Task directions: Pictures in the records below must be left out. Return exactly the lines from the line with "學(xué)員們熱情高漲,紛" to the line with "Жучкова, Г.Н. Нравственные", both included.

Source information:
- - - - - - -
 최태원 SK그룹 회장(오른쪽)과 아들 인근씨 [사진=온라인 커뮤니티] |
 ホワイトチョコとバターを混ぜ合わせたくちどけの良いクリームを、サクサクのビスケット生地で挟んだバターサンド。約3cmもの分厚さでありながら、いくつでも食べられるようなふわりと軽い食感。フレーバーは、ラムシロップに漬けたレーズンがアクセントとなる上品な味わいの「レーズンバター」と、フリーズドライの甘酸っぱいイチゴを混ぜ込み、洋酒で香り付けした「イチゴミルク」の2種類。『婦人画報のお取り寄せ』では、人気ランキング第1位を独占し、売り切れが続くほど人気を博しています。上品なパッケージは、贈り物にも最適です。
- - - - - - -
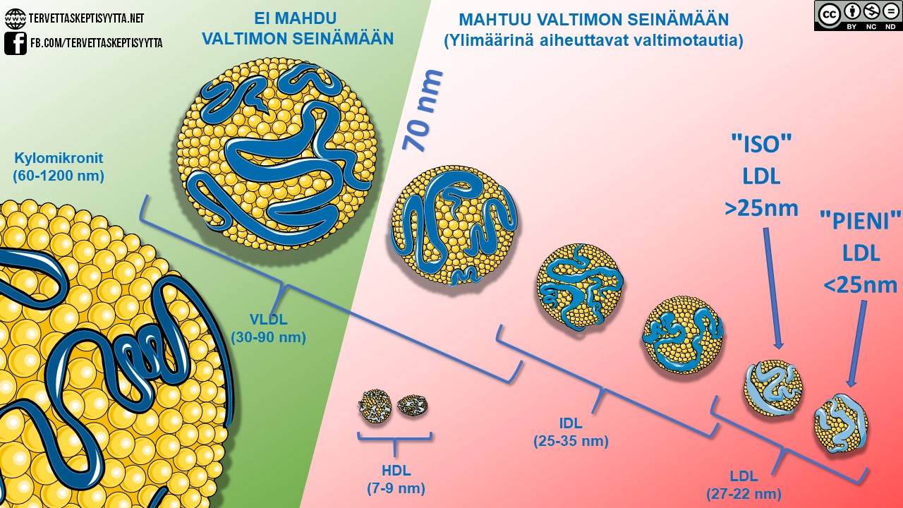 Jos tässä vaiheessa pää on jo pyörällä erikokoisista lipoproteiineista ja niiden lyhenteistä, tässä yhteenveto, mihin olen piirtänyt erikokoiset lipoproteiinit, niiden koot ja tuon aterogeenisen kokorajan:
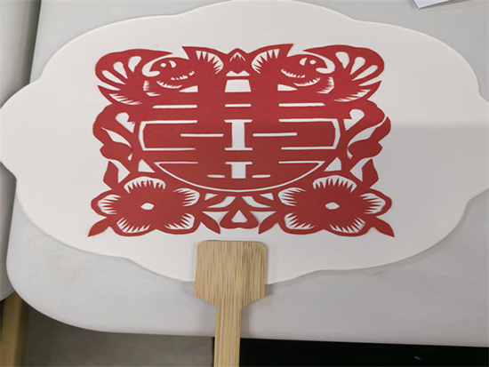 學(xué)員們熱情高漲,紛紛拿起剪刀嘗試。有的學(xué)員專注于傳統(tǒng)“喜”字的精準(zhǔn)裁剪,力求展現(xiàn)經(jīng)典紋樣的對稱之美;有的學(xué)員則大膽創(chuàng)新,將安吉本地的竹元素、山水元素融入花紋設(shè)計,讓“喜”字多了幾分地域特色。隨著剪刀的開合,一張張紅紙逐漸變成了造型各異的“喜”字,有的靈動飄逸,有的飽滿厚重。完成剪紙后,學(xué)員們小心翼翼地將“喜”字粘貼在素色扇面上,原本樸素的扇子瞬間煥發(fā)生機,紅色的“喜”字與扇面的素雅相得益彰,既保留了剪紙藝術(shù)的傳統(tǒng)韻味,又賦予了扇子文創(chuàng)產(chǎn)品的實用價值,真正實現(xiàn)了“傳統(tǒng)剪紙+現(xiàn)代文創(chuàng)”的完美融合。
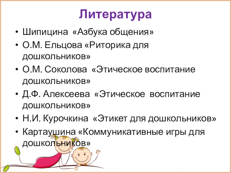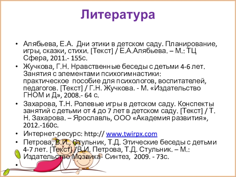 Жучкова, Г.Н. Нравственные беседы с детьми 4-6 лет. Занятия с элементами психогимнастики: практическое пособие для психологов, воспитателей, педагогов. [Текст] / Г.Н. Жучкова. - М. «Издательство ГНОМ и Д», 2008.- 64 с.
- - - - - - -
Task output:
 學(xué)員們熱情高漲,紛紛拿起剪刀嘗試。有的學(xué)員專注于傳統(tǒng)“喜”字的精準(zhǔn)裁剪,力求展現(xiàn)經(jīng)典紋樣的對稱之美;有的學(xué)員則大膽創(chuàng)新,將安吉本地的竹元素、山水元素融入花紋設(shè)計,讓“喜”字多了幾分地域特色。隨著剪刀的開合,一張張紅紙逐漸變成了造型各異的“喜”字,有的靈動飄逸,有的飽滿厚重。完成剪紙后,學(xué)員們小心翼翼地將“喜”字粘貼在素色扇面上,原本樸素的扇子瞬間煥發(fā)生機,紅色的“喜”字與扇面的素雅相得益彰,既保留了剪紙藝術(shù)的傳統(tǒng)韻味,又賦予了扇子文創(chuàng)產(chǎn)品的實用價值,真正實現(xiàn)了“傳統(tǒng)剪紙+現(xiàn)代文創(chuàng)”的完美融合。
 Жучкова, Г.Н. Нравственные беседы с детьми 4-6 лет. Занятия с элементами психогимнастики: практическое пособие для психологов, воспитателей, педагогов. [Текст] / Г.Н. Жучкова. - М. «Издательство ГНОМ и Д», 2008.- 64 с.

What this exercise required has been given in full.